Fortran does not provide a way to dynamically resize character arrays like the std::string class does in C++, for example. In C++, you could initialize std::string var = "temp", then redefine it to var = "temporary" without any extra work, and this would be valid. This is only possible because the resizing is done behind the scenes by the functions in the std::string class (it doubles the size if the buffer limit is exceeded, which is functionally equivalent to reallocateing with a 2x bigger array).

Practically speaking, the easiest way I've found when dealing with strings in Fortran is to allocate a reasonably large character array that will fit most expected inputs. If the size of the input exceeds the buffer, then simply increase the size of your array by reallocateing with a larger size. Removing trailing white space can be done using trim.

Answer 4

You know that there are "complicated" ways of doing what you want. Rather than address those, I'll answer your first two "why?"s.
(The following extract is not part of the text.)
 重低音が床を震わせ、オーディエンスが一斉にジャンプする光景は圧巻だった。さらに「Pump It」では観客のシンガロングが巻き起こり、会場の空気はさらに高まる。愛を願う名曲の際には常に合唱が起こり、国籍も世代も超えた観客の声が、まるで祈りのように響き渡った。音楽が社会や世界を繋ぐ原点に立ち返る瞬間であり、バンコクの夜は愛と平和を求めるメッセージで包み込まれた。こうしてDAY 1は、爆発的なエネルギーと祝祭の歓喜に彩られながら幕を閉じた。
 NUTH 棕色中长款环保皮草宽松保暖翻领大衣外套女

Unlike intrinsic assignment a read statement does not have the target variable first allocated to the correct size and type parameters for the thing coming in (if it isn't already like that). Indeed, it is a requirement that the items in an input list be allocated. Fortran 2008, 9.6.3, clearly states:

If an input item or an output item is allocatable, it shall be allocated.

This is the case whether the allocatable variable is a character with deferred length, a variable with other deferred length-type parameters, or an array.
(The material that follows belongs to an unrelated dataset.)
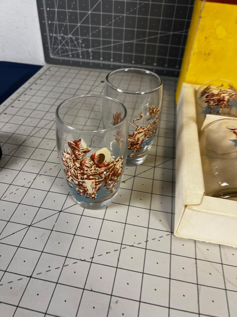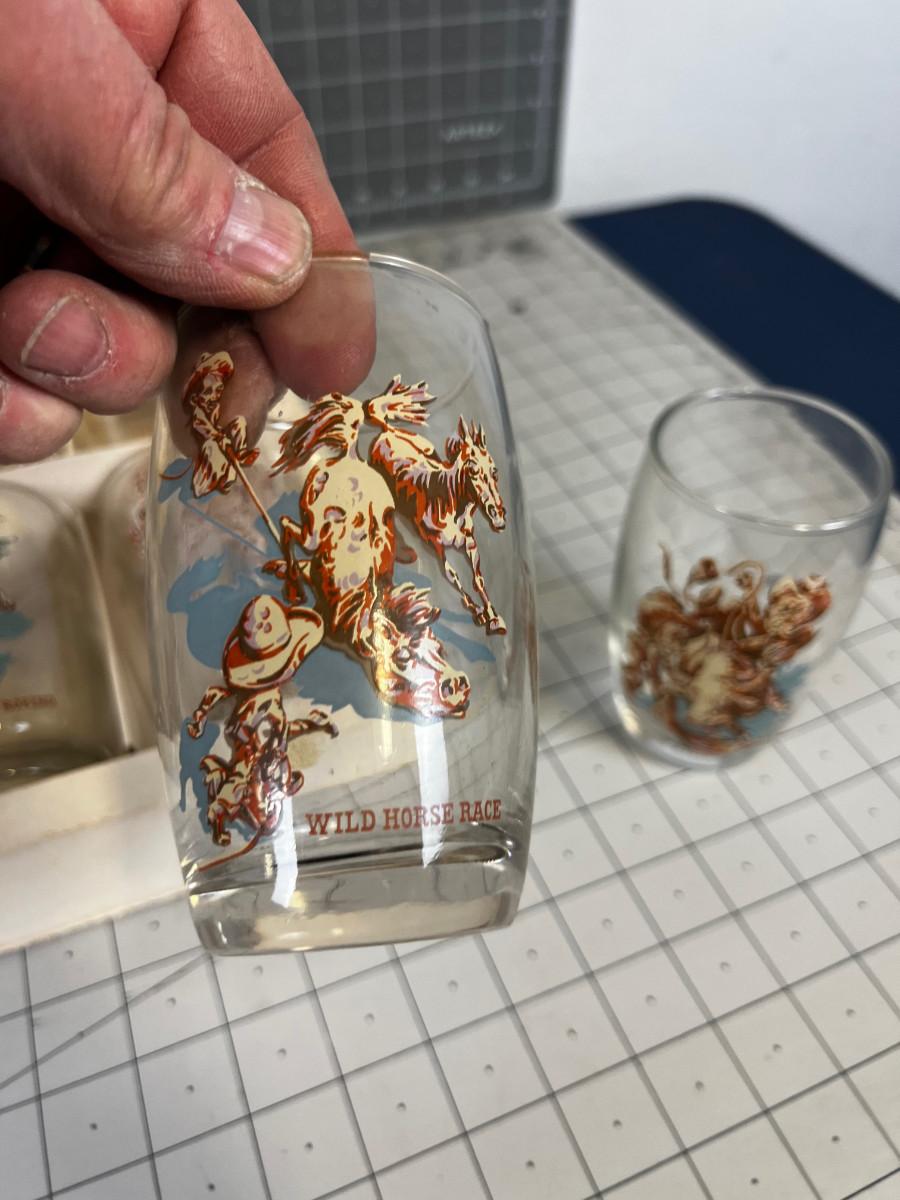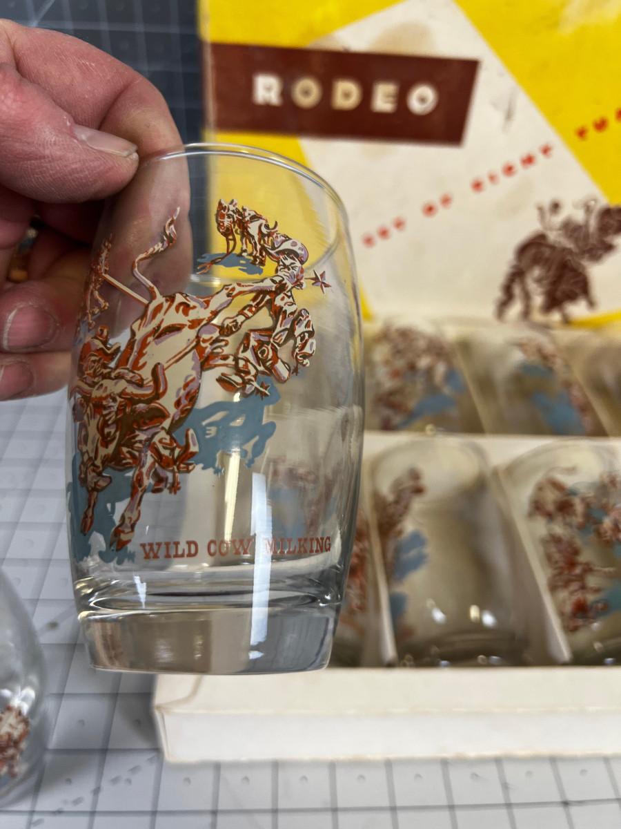 AMAZING!!! 8 Western RODEO TUMBLERS (Glasses) in the original box Plus 4

There is another way to declare a character with deferred length: giving it the pointer attribute. This doesn't help you, though, as we also see

If an input item is a pointer, it shall be associated with a definable target ...

Why you have no output from your write statement is related to why you see that the character variable isn't allocated: you haven't followed the requirements of Fortran and so you can't expect the behaviour that isn't specified.

---

I'll speculate as to why this restriction is here. I see two obvious ways to relax the restriction

• allow automatic allocation generally;
• allow allocation of a deferred length character.
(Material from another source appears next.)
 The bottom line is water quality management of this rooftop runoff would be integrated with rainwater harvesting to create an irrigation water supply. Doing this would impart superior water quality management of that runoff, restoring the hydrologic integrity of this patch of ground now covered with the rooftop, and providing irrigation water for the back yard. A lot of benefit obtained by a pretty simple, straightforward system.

The second case would be easy:

If an input item or an output item is allocatable, it shall be allocated unless it is a scalar character variable with deferred length.

This, though, is clumsy and such special cases seem against the ethos of the standard as a whole. We'd also need a carefully thought out rule about alloction for this special case.

If we go for the general case for allocation, we'd presumably require that the unallocated effective item is the final effective item in the list:

integer, allocatable :: a(:), b(:)
character(7) :: ifile = '1 2 3 4'
read(ifile,*) a, b

and then we have to worry about

type aaargh(len)
  integer, len :: len
  integer, dimension(len) :: a, b
end type
type(aaargh), allocatable :: a(:)
character(9) :: ifile = '1 2 3 4 5'

read(ifile,*) a

It gets quite messy very quickly. Which seems like a lot of problems to resolve where there are ways, of varying difficulty, of solving the read problem.

Finally, I'll also note that allocation is possible during a data transfer statement. Although a variable must be allocated (as the rules are now) when appearing in input list components of an allocated variable of derived type needn't be if that effective item is processed by defined input.